Activity: Restate, word for word and with no pictures, the stretch of lines in the data below that begins at the line with "胡散臭い通販商品みたいなあだ名 | 『モテモテ間違いなし水晶球…その名も「よしだなおと」』 |" and ends at the line with "Motywem przewodnim kartki", inclusive.

Given records:
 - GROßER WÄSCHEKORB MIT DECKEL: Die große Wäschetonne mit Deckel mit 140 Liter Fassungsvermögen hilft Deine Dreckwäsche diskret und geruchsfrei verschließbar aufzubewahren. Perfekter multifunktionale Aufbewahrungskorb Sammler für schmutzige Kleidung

--

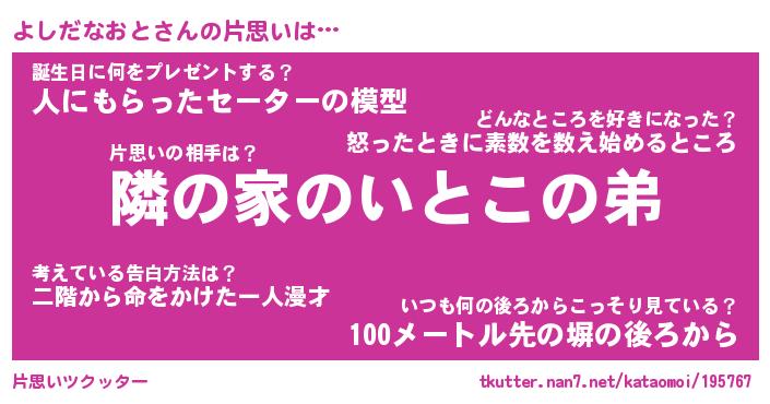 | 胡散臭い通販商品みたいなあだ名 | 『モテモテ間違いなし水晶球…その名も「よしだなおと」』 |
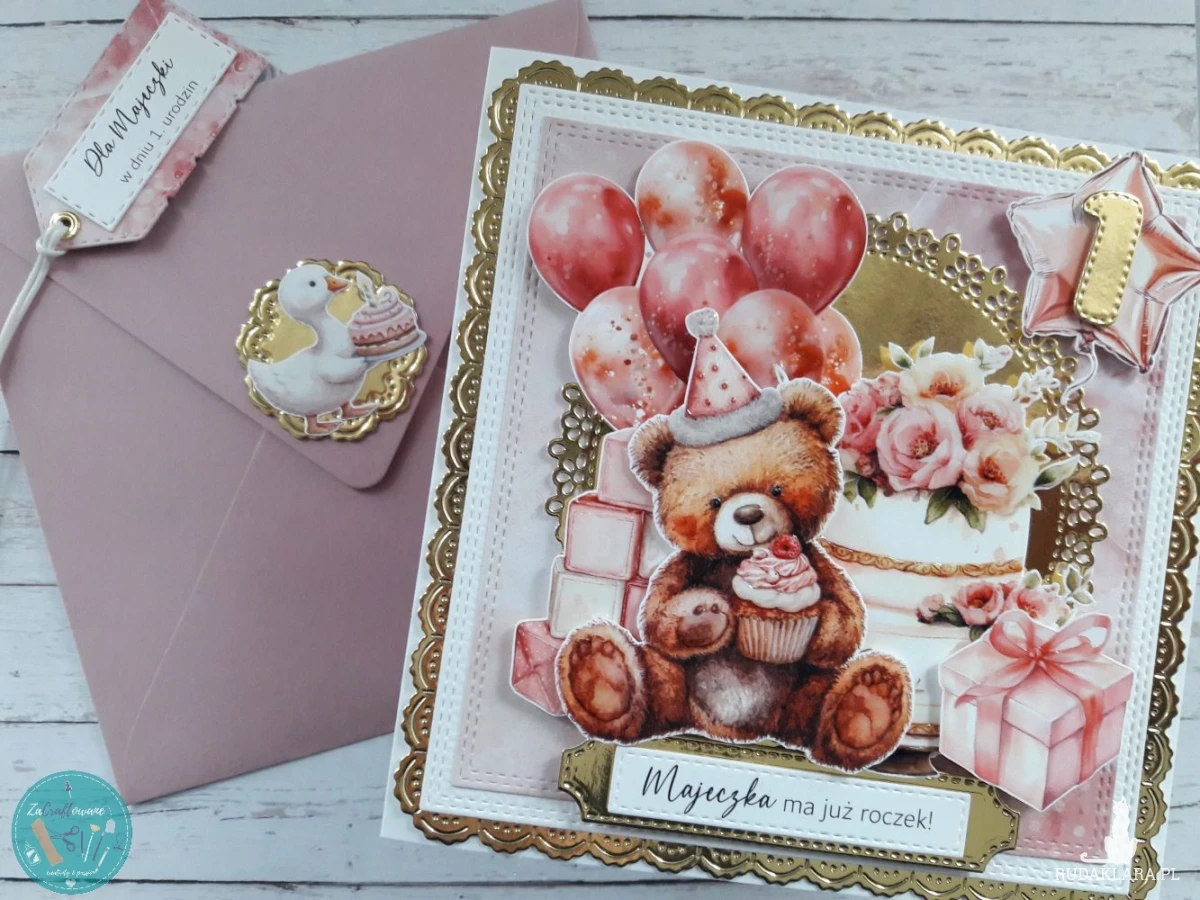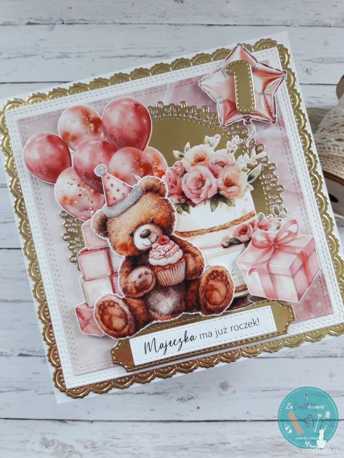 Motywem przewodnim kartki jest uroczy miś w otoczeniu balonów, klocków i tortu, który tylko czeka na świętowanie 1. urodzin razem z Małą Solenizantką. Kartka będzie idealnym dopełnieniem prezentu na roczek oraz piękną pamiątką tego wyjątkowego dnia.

---

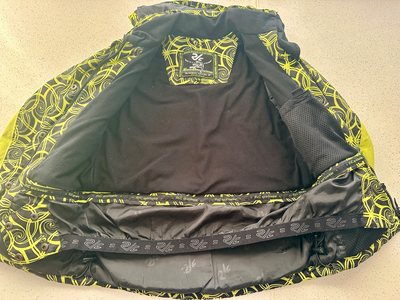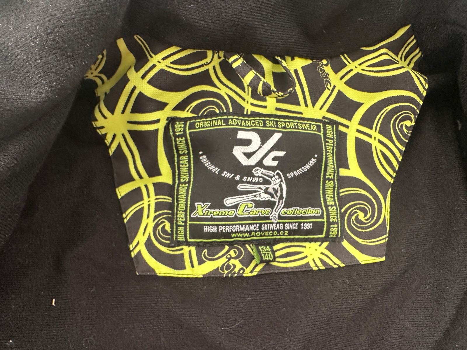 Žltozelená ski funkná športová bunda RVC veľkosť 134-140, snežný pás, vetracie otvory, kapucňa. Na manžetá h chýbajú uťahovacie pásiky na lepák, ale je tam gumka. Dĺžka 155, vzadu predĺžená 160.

Exercise output:
 | 胡散臭い通販商品みたいなあだ名 | 『モテモテ間違いなし水晶球…その名も「よしだなおと」』 |
 Motywem przewodnim kartki jest uroczy miś w otoczeniu balonów, klocków i tortu, który tylko czeka na świętowanie 1. urodzin razem z Małą Solenizantką. Kartka będzie idealnym dopełnieniem prezentu na roczek oraz piękną pamiątką tego wyjątkowego dnia.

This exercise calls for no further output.